Migrate MySQL custom query data to Mongo Database

Subin Babukuttan
8 min readJan 15, 2021

PREREQUISITES

  • Mongo installed on a local machine
  • Python installed on a local machine
  • MySQL installed and PHPMyAdmin or Adminer installed on a local machine.
  • Basic knowledge of command line.
  • Knowledge of SQL and procedures.
  • Basic knowledge of Python.
  • Knowledge of Mongo

This blog is on how to migrate data from MySQL to the mongo database. There are various tools for migration of data from MySQL to mongo that are paid versions and some that are open source are not customizable to our needs.

We will learn how to migrate data through our own custom data using the select query.

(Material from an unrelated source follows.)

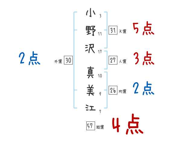 天運![]() | 小野沢真美江さんの天運は31画の5つ星!社交性があり判断力に優れる。順風満帆な人生で円満な生活。 家系が持つ宿命的な運勢を表します。祖先から受け継いだ苗字ですので自分の力が及びません。家柄を象徴します。 |

This isn’t a full-fledged automated process but still can help you to migrate data or an entire database to mongo at ease and at a much faster speed.

There are 3 basic steps

  1. We would create a procedure that iterates over a table, that contains SQL queries for our custom data, and the procedure stores the data in a CSV format file in our local machine.
  2. A python script that transforms these CSV files to JSON data files.
  3. A shell script that imports all the JSON files to the mongo database.

Step one:

So you might be thinking about procedure, queries, CSV .

Let me explain in detail.

Let's first talk about the query, it's a simple select statement to fetch data from the table that needs to be migrated to the mongo database as a collection, but wait isn't collection is an array of JSON data??.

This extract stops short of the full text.